Chronic Obstructive Pulmonary Disease in HIV and Aging

  • PLWH have an increased risk for several non-infected pulmonary conditions including chronic obstructive pulmonary disease (COPD).
     
  • COPD often manifests with radiographic emphysema in PLWH, and symptoms of COPD including cough and sputum production are more frequent in PLWH compared to persons without HIV.
     
  • As in persons without HIV, cigarette smoking is a major risk factor for COPD among PLWH, and supporting smoking cessation should be a high clinical priority in caring for PLWH.
     
  • In the absence of data from randomized, controlled trials studying the treatment of COPD in PLWH, current therapy of COPD in PLWH should follow the management guidelines proposed for the general population.
     
  • A careful review of drug-drug interactions between antiretrovirals used to treat HIV and controller medications or COPD is required. Individualized considerations of benefits and toxicities of therapies is also needed amongst PWH, particularly with regard to use of inhaled corticosteroids and their association with an increased risk of pneumonia.
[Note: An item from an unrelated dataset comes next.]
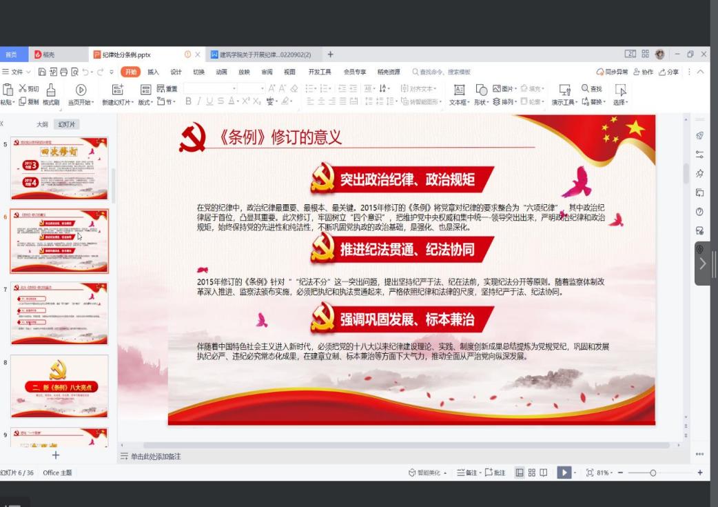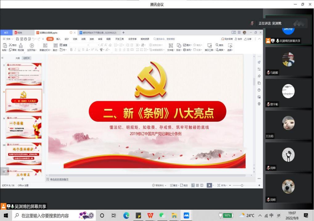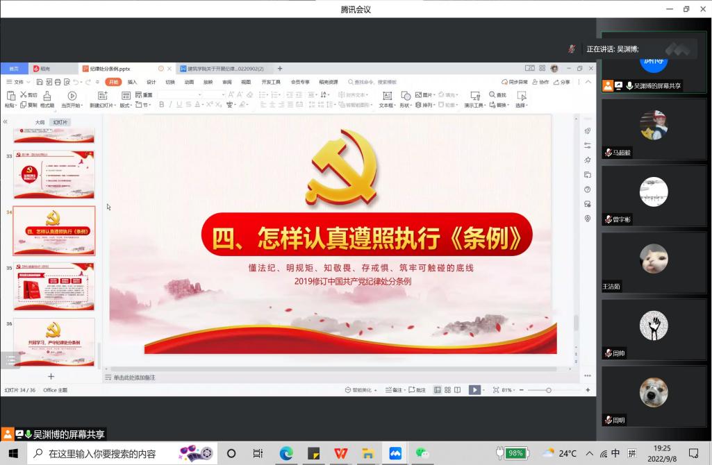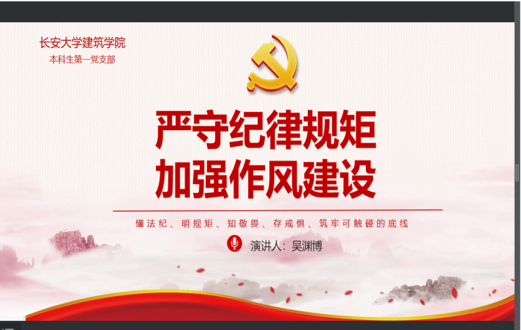 为落实全面从严治党要求和立德树人根本任务,根据学校开展纪律教育学习宣传月和师德师风宣传教育月活动的部署要求,成人抖音 本科生第一党支部于9月8日展开“严守纪律规矩 加强作风建设”学习活动,成人抖音 本科生第一党支部全体成员参加此次活动。通过纪律学习,提高支部成员的法纪意识,加强纪律作风建设,筑牢拒腐防变思想,廉政文化进一步升华,一体推进不敢腐、不能腐、不想腐成效显现。活动由吴渊博同志主持。

According to the Global Initiative for Chronic Obstructive Lung Diseases (GOLD), COPD is “characterized by persistent respiratory symptoms and airflow limitation that is due to airway and/or alveolar abnormalities usually caused by significant exposures to noxious particles or gases.”(GOLD 2020) COPD is common in PLWH, diagnosed in approximately 15-20%. HIV appears to increase risk for COPD.(Diaz, Clanton et al. 1992, Crothers, Butt et al. 2006, Crothers, Huang et al. 2011, Makinson, Hayot et al. 2018) Although not all studies have found a significant difference in the prevalence of COPD amongst those with and without HIV,(Ronit, Lundgren et al. 2018, Verboeket, Wit et al. 2019) a systematic review and meta-analysis of 30 studies found that the prevalence of COPD was significantly higher in PLWH than in persons without HIV, even after adjusting for cigarette smoking.(Bigna, Kenne et al. 2018)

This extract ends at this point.